In recent weeks these have included telephones, computers, family, bird (singular), tree (also singular), sleep, and hands (plural). All of these shows have presented their subject matter in a way that could be seen to prepare the viewing audience for a live of servitude in the services industry - aka customer services - in any of it's many guises. Incidentally, since expressing and developing this theory I've discovered that Elmo's World is in fact part sponsored by McDonalds.

Elmo's wanderings through the world are controlled by a sinister fish called Dorothy who expects Elmo to read her thoughts in order to gather her "suggestions" about what they should think about today. Dorothy is the perfect Orwellian dominant force: she is an overwhelmingly silent and brooding character yet her every whim is fulfilled with grim cheerfulness by the ever-grinning Elmo.
Elmo's attempts to investigate Dorothy's latest command are inevitably hampered in some way by his computer which dances abound the room chanting, "Elmo has mail!" until he has begged it to calm down sufficiently that he is permitted to fleetingly view his mail.

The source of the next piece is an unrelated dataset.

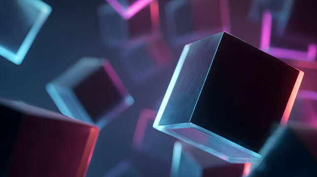 Abstract Geometric Floating Squares Background with Soft Lighting and Depth of Field Creating a Modern and Elegant Design

Anyone who has ever worked in an office can identify with this loathsome character, although for the record I must state that Elmo has yet to receive a Nigerian bank scam. Another source of reference for Elmo is his TV, which every episode comes up with a new appropriate show for him to watch in order to improve himself. This is a more efficient vision of the future than the current diet of reality TV, whilst no doubt having much the same numbing effect.

Elmo's emotional and social development was so stunted by Dorothy's regime of forced interaction with both the TV and the computer that in one episode Elmo sat and filmed the telephone as he babbled at its inert form. Dorothy's evil plan of subdigation of the prospective workforce is aided by Mr. Noodles, who is frequently called upon to demonstrate now not to go about using the episodes theme; for example, when asked how to demonstrate washing his hands he first put his socked feet into the sink. His purpose in the coming New World Order is to con the despondent workers into thinking that life could be worse - after all, they could be just like him.
Once the suspicion that Elmo's World had this subtext it meant that it was hard to view the episode concerning the family without instantly think of sweatshops. However, in Elmo's defence, he doesn't know any better and may well think that he is teaching valuable life lessons in saying, "a skateboard doesn't eat a banana, but a monkey riding on a skateboard will eat a banana. A chair doesn't eat a banana, but a monkey on a chair will eat a banana. A banana doesn't eat a banana, but a monkey holding a banana eats a banana..." - despite the fact that such lessons will only be important is the world is overrun by zombies, and the struggling brainwashed workers try to recall if eating your own kind is now socially acceptable under recent anti-terrorism laws.